英文题名：Ultra-large-scale Custer Linux Sstem Design and Implementation Based on KUSU
作者：王维高
论文级别：硕士
学科专业名称：计算机技术
中文关键词：集群 ; 超大规模 ; 高可靠性 ; 高可用性
英文关键词：Cluster ; Ultra-large-scaler ; High-reliability ; High-availability
学位年度：2011
导师：吴江
学科代码：081202
学位授予单位：西北大学

摘要

随着计算机技术进入高速的网络时代,网络业务量、数据流量和计算强度的爆炸性增长,单一的服务器已经难以满足高性能计算的要求。

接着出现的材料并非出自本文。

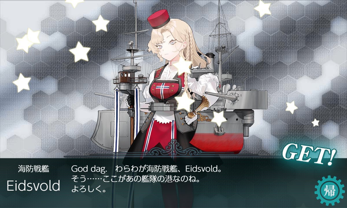 #Eidsvoid E2甲 YマスS勝利 出撃53、S26、A20 支援:無 基地:ボス2 ほぼぜかましさん編成 @zekamashinet #艦これ #秋イベ #前段作戦 #新艦娘 #Eidsvold pic.x.com/f780iOitOv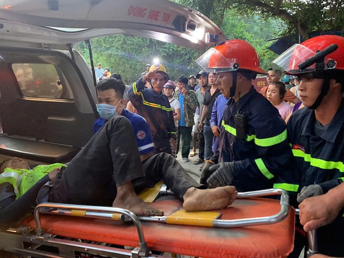 Lực lượng cứu hộ hỗ trợ đưa nạn nhân trong nhà đi cấp cứu. Ảnh: Trung Kiên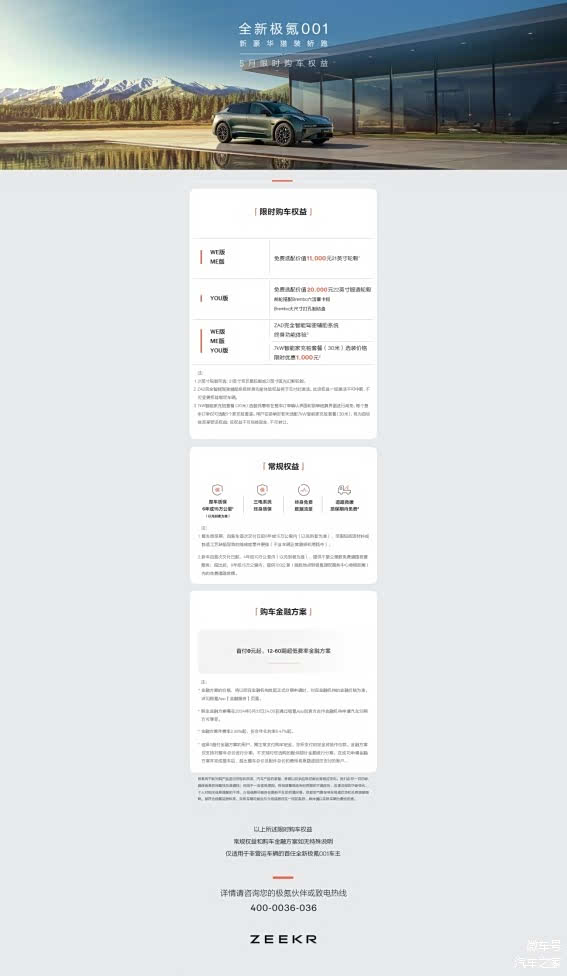 先来看极氪001 的5月限时购车权益,所有下定极氪001车型的用户,均可享受价值1000元的7kW智能家充桩套餐(30米)和ZAD完全智能驾驶辅助系统终身功能体验,不过6月份这两项权益是否还免费送,目前依旧是个未知数,以智能家充套装为例,虽然它的价值不算非常高,但把这节省下来的1000元分摊到日常充电的费用,这也算是一件美事儿。

而大型机由于非常昂贵的价格,同时由于硬件和系统软件的专用性,软硬件系统的维护费用也非常高,致使一般的企业无能力购买。集群是利用许多普通的PC机以某种拓扑结构组织起来,成为一个具有高性能计算能力的服务器。而对于超大规模集群的搭建耗时和难以管理成为企业使用集群的瓶颈。
     本文研究的内容是优化KUSU,从而满足KUSU的用户富士通公司在云计算时代对超大规模集群的快速搭建、容易管理、高可用性和高可靠性的需求,主要完成的工作包括：
     1)系统架构优化。以减轻超大规模集群中主节点的承载能力为目标,采用树的思想提出分层结构对KUSU的系统架构进行优化。
     2)高可用性集群的研究。对于超大规模的集群处理一些关键业务时,要求集群不间断的处理作业,为了防止主节点停机导致集群的崩溃,本文采用高可用性集群的基础技术——心跳机制,实现Linux集群的高可用性。利用postgresql9.0的流式复制解决由KUSU搭建的超大规模集群主备节点之间的数据同步。从而解决超大规模集群的高可用性。
     3)高可靠性集群的研究。超大规模集群节点之间的通信和数据传输对网络的依赖性很大,网络的畅通是高可靠性集群的保障,本文采用Linux网卡绑定的方法,把多个网卡结构组合成一个逻辑’'bonded"接口,从而防止了集群节点之间的通信故障,提高了集群节点之间的数据传输。设置bond的工作模式为0,实现数据传输的负载均衡。从而实现高可靠性集群。
     4)集群的实现。文章最后给出了如何使用KUSU部署集群,展现了一个超大规模集群的原型,并给出了对超大规模集群的实验数据和用户在真实环境下的实验数据。
     本文的研究是建立在自动化搭建集群——KUSU的基础之上,首先对小型集群的架构优化,从而适应与大规模集群,其次从高可用性和高可靠性集群等方面研究以到达集群的稳定性,使其能满足企业对大规模集群的需求。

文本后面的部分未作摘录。